TASK PROMPT >> Go to the line that contains "6 圈下记录的电荷密度Q d" in the records below and repeat it, and each line after it, exactly through the end, omitting pictures.

DATA SHOWN >>
——

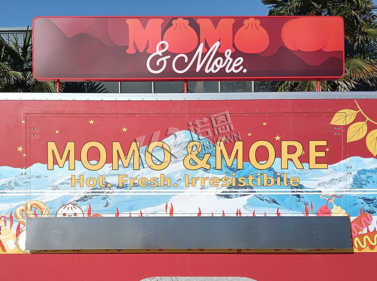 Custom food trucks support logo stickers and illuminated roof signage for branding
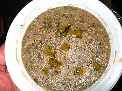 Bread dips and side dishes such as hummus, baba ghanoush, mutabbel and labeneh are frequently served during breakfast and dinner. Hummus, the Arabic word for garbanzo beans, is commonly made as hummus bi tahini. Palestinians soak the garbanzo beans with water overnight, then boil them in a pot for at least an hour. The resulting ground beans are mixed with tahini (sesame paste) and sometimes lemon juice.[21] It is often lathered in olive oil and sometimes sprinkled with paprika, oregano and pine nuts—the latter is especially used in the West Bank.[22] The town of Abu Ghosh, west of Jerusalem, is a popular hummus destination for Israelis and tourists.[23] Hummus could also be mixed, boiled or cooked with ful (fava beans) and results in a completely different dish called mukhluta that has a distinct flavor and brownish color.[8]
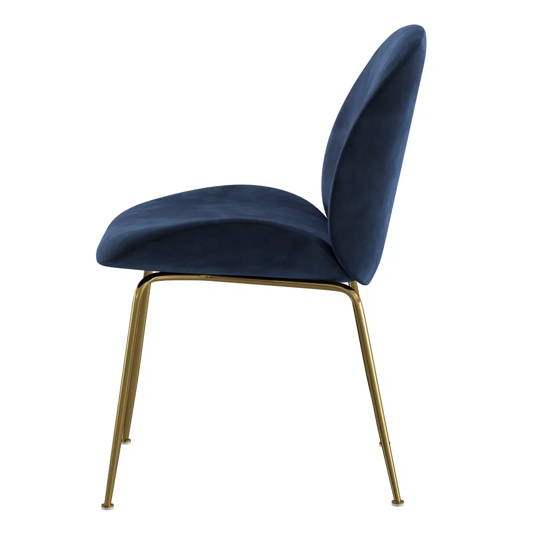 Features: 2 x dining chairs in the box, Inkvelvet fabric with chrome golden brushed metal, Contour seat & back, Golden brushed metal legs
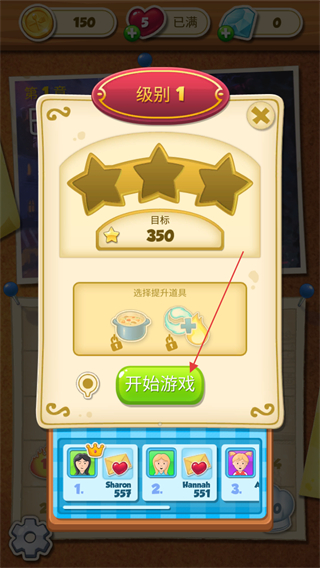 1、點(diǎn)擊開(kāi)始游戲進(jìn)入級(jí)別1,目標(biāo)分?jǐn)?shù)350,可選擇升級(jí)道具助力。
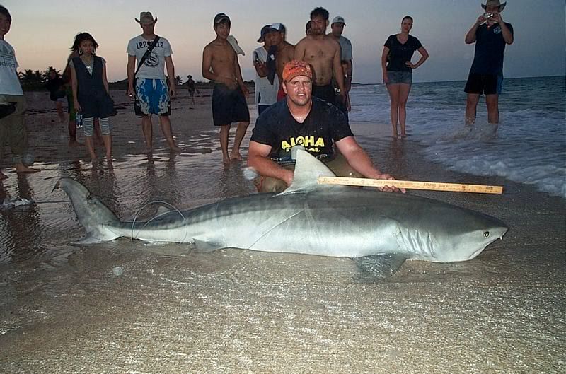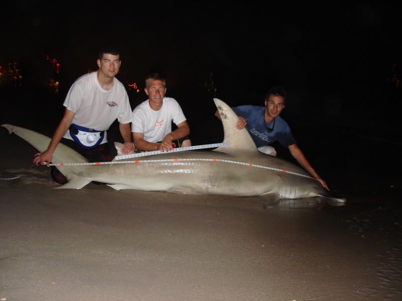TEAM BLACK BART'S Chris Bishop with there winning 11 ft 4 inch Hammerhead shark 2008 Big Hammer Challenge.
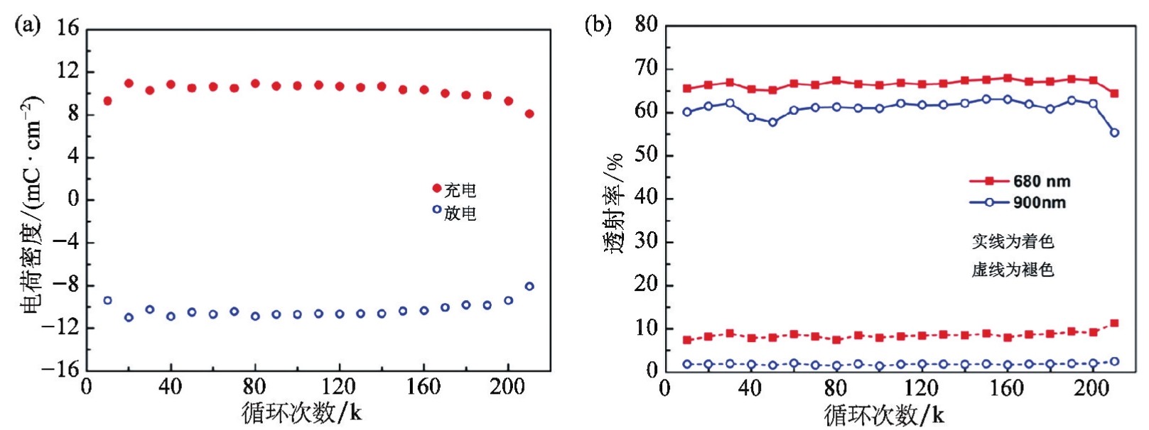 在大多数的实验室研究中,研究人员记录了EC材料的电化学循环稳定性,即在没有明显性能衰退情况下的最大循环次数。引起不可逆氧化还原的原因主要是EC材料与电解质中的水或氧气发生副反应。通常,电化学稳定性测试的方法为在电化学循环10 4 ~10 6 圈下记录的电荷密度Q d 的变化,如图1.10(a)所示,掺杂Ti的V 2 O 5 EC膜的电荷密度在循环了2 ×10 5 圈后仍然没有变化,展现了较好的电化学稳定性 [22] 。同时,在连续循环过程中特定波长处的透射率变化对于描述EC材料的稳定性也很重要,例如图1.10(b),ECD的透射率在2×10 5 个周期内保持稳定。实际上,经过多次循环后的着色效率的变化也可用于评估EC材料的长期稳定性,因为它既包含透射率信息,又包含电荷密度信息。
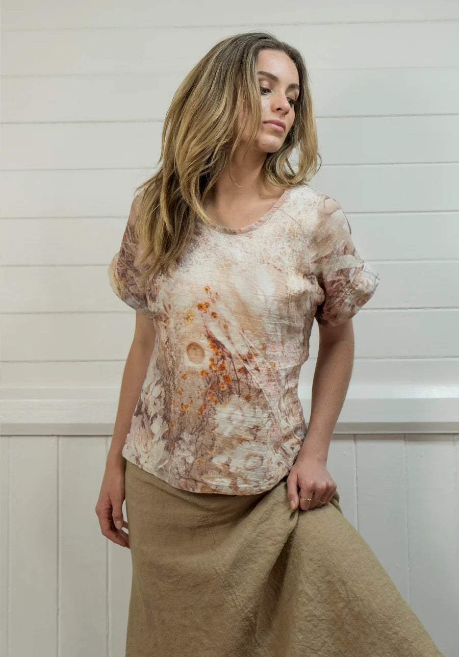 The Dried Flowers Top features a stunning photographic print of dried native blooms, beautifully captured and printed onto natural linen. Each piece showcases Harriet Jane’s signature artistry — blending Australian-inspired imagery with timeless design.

——

RESULT >>
 在大多数的实验室研究中,研究人员记录了EC材料的电化学循环稳定性,即在没有明显性能衰退情况下的最大循环次数。引起不可逆氧化还原的原因主要是EC材料与电解质中的水或氧气发生副反应。通常,电化学稳定性测试的方法为在电化学循环10 4 ~10 6 圈下记录的电荷密度Q d 的变化,如图1.10(a)所示,掺杂Ti的V 2 O 5 EC膜的电荷密度在循环了2 ×10 5 圈后仍然没有变化,展现了较好的电化学稳定性 [22] 。同时,在连续循环过程中特定波长处的透射率变化对于描述EC材料的稳定性也很重要,例如图1.10(b),ECD的透射率在2×10 5 个周期内保持稳定。实际上,经过多次循环后的着色效率的变化也可用于评估EC材料的长期稳定性,因为它既包含透射率信息,又包含电荷密度信息。
 The Dried Flowers Top features a stunning photographic print of dried native blooms, beautifully captured and printed onto natural linen. Each piece showcases Harriet Jane’s signature artistry — blending Australian-inspired imagery with timeless design.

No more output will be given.